Don't get me wrong, Super Mario Galaxy is a great game. But that's all it is, and it's not perfect. I put it to you that if it were not a Mario game but a game starring some anonymous new characters, we as a society would be considerably less forgiving about some of its flaws. A lot of people raved about Super Mario Sunshine at first too, and now it's the bastard redheaded stepchild of the series. So I implore you, let's skip the "OMG a new Mario game" stage and go straight to looking at it critically.
The story of Super Mario Galaxy, if you really need one, is that Mario gets a letter from Princess Toadstool (Peach) inviting him to her castle because she has something she wants to give him. Wink wink, nudge nudge. Advanced readers may notice that this is exactly the same setup as Super Mario 64, except that this time there's an additional element of mystery because you don't know whether the thing she wants to give him is a cake or some other baked good, possibly a pie. Hell, it could even be a quiche -- this game breaks all the rules. Anyway, before Mario can actually approach Peach's castle, Bowser shows up in his airship (the disturbance you just felt was a million Mario fanboys ejaculating at once due to the return of Super Mario Bros. 3's airship motif) to kidnap Peach again. This time he just picks up her whole castle and takes it with him -- you know, kind of like what he did in Paper Mario. Kind of exactly like that. The one new element is that this time he's enlisted the help of a UFO, and they warp away after hitting Mario with a magic missile that knocks him onto some planet.
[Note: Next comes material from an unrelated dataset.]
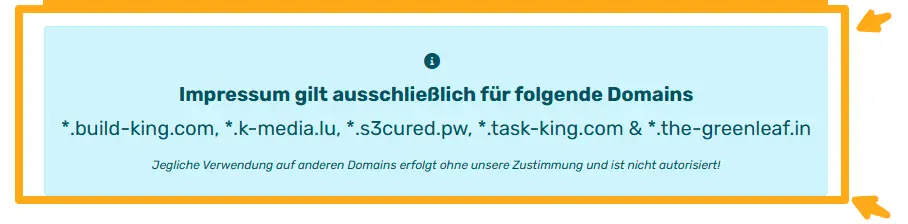 Um sogenanntes Impressum-Highjacking zu verhindern – also das unberechtigte Verlinken oder Kopieren unseres Impressums durch Dritte – wurden alle relevanten Domains direkt im Impressum unserer Firma vermerkt. Dadurch wird sichergestellt, dass unser Impressum nicht einfach von Fremdanbietern verlinkt oder missbraucht werden kann, da die Domainzugehörigkeit klar ersichtlich ist.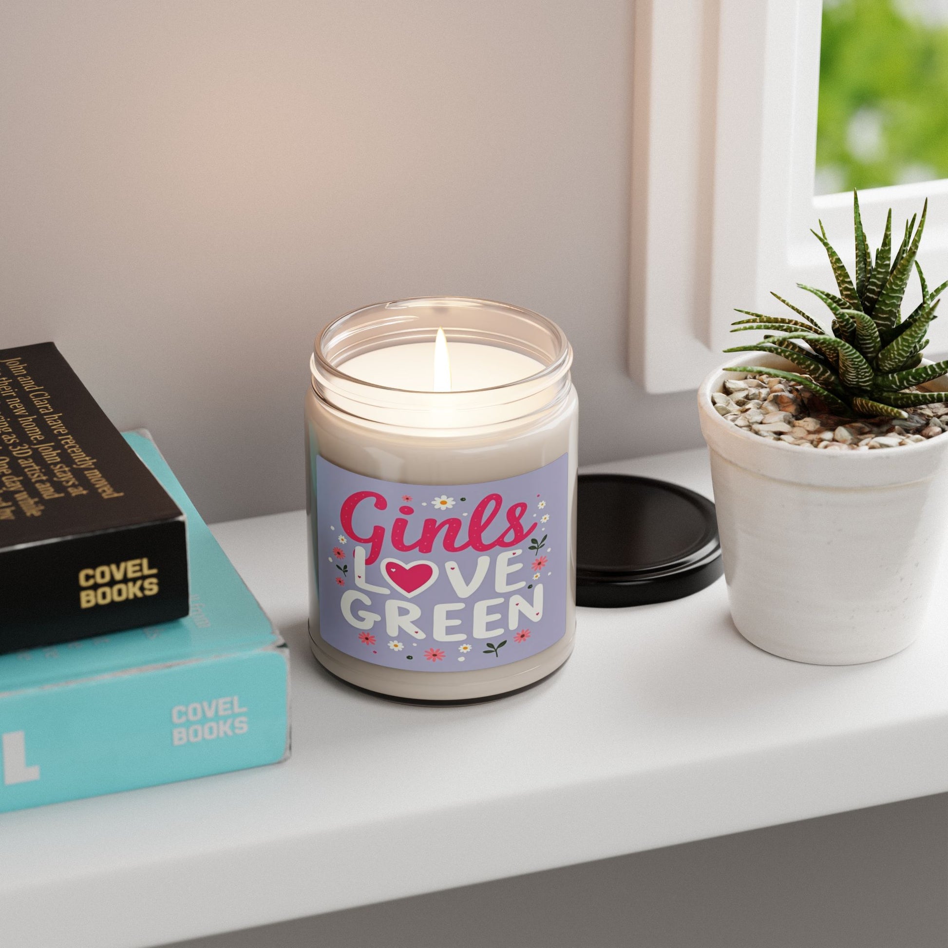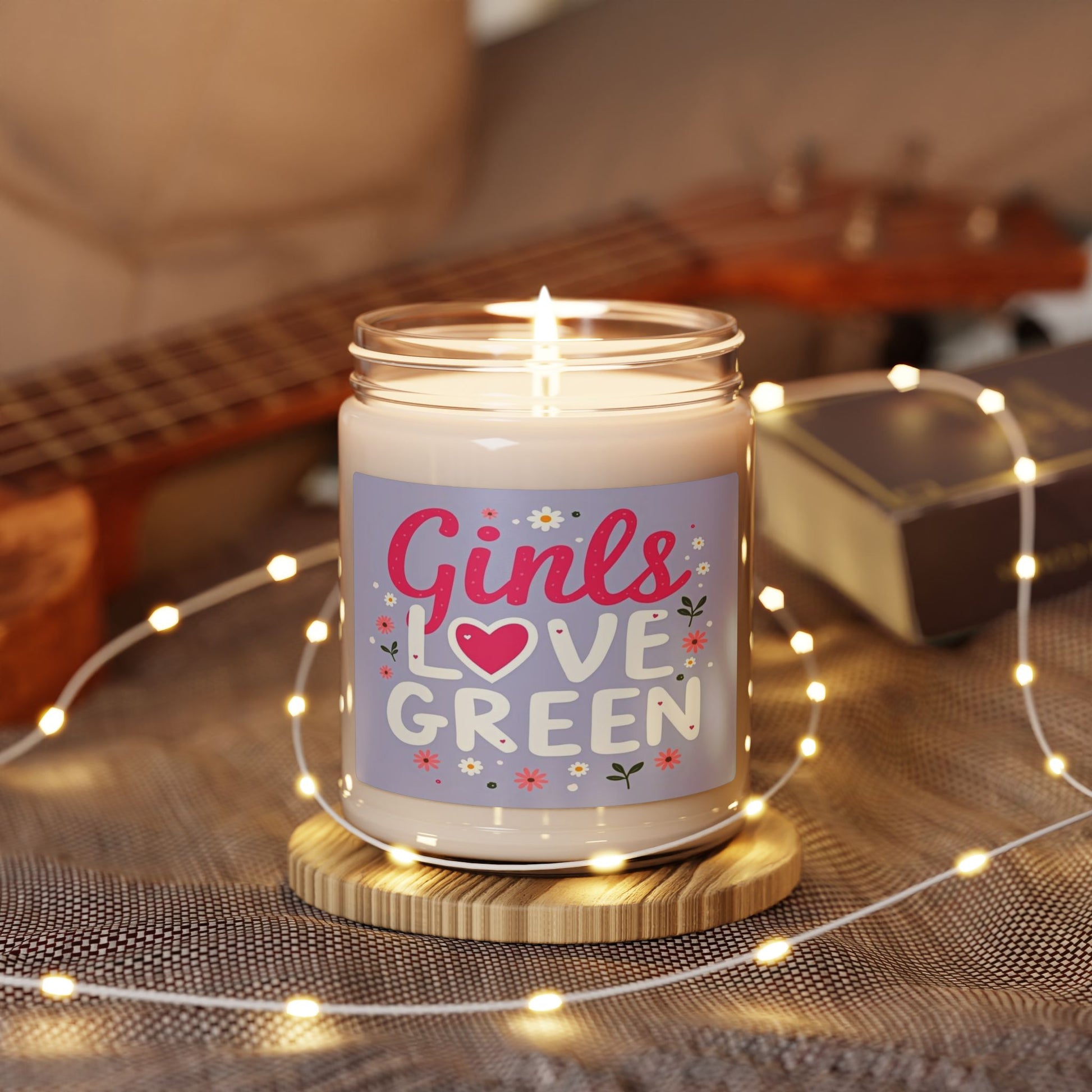 This vibrant graphic design features the phrase "Girls Love Green" in a playful, stylized typography against a soft lavender background. The text is rendered in bold pink and white letters, with a pink heart replacing the "O" in "Love". Decorative white and pink daisy flowers, along with small green leaves and dots, surround the text, creating a whimsical and cheerful composition. The image has a modern, hand-drawn feel with slightly textured letters and a cute, feminine aesthetic. The color palette of pink, white, lavender, and green gives the design a fresh, positive, and empowering feel.

Okay, so with all that out of the way we can finally get to the meaty stuff: the game mechanics. Setting the game in space is a way to justify having Mario run around on small spheroids, which is a bigger deal than it sounds. When it's used effectively I would say that this is almost as big a change as going from 2D platforming to 3D in Super Mario 64. It's kind of like 3 1/2-D. Being able to explore every side of a surface and jump out of the orbit of one planet and into another opens up a lot of level design possibilities never before seen in a game like this.
It doesn't always live up to its potential, though. Like a little girl with a little curl, when the level design is good, it's very very good, but when it's bad, it's slightly less good. The problem is that the levels that make use of these new gravity-based designs are so fun and new that they make the other, more conventional levels feel quite drab in comparison. Too many levels in Galaxy are just large landmasses floating in space that you can only walk on the top of (which makes no sense, which is part of a separate issue I'll talk about later) -- they wouldn't be at all out of place in Super Mario 64. I suppose Nintendo didn't want to alienate people who preferred the more traditional level design, but seriously, fuck those people. And yes, these levels are fine by those standards, but after being tantalized with the more "galactic" ones, it's kind of a bummer to have to go back.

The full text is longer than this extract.